Certainly! Let's address each part of the question step-by-step.
### Part (a):
You need to find the equation of a straight line with a given gradient (slope) and y-intercept.
1. Gradient (Slope): The gradient is given as [tex]\(3\)[/tex].
2. Y-intercept: The y-intercept is given as [tex]\(-4\)[/tex].

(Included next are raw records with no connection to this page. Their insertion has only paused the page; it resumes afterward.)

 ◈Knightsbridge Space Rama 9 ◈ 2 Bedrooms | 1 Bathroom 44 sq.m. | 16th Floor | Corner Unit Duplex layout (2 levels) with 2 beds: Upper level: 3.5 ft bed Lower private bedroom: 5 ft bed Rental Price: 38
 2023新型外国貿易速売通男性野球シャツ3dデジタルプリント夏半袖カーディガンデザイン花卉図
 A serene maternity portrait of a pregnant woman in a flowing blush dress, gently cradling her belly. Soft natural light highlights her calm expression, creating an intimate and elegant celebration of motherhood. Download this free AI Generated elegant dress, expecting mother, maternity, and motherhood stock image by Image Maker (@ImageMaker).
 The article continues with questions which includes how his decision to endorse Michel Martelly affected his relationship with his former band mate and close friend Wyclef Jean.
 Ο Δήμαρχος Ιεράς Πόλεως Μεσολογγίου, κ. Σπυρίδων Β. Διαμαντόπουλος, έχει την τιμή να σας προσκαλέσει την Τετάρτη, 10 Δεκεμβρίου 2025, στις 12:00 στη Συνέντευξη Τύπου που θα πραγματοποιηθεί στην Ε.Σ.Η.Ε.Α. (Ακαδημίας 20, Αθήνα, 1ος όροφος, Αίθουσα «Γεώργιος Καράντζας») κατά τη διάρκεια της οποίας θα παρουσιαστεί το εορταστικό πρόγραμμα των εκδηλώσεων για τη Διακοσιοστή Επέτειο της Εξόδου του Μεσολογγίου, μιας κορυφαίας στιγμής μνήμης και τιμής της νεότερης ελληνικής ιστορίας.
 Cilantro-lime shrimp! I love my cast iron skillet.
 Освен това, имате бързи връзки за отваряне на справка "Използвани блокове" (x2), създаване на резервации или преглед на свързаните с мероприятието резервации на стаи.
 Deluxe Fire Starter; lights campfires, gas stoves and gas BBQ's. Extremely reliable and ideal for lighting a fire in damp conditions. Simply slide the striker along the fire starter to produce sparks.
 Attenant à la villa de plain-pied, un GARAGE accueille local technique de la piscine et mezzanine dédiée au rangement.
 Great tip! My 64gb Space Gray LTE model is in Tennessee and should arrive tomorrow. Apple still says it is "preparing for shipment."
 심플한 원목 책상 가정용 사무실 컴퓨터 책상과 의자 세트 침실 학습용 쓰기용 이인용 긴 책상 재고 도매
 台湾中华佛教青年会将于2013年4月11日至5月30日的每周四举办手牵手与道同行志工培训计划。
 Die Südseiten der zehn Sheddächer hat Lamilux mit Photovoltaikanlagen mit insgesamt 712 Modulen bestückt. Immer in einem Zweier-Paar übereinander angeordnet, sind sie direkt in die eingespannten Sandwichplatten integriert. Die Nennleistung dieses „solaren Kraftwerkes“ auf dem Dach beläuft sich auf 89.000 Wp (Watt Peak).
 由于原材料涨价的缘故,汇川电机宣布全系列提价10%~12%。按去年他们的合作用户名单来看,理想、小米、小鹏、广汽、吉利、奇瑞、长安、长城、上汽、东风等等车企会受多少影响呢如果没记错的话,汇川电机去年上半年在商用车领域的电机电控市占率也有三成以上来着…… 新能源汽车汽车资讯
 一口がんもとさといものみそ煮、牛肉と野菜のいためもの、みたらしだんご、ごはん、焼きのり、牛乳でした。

The general form of the equation of a straight line is:
[tex]\[ y = mx + c \][/tex]
where:
- [tex]\(m\)[/tex] is the gradient
- [tex]\(c\)[/tex] is the y-intercept
Plugging in the given values, we get:
[tex]\[ y = 3x + (-4) \][/tex]
So, the equation of the line for part (a) is:
[tex]\[ y = 3x - 4 \][/tex]
### Part (b):
You need to find the equation of a straight line with a given angle of inclination and y-intercept.
1. Angle of Inclination: The angle of inclination is given as [tex]\(135^\circ\)[/tex].
2. Y-intercept: The y-intercept is given as [tex]\(5\)[/tex].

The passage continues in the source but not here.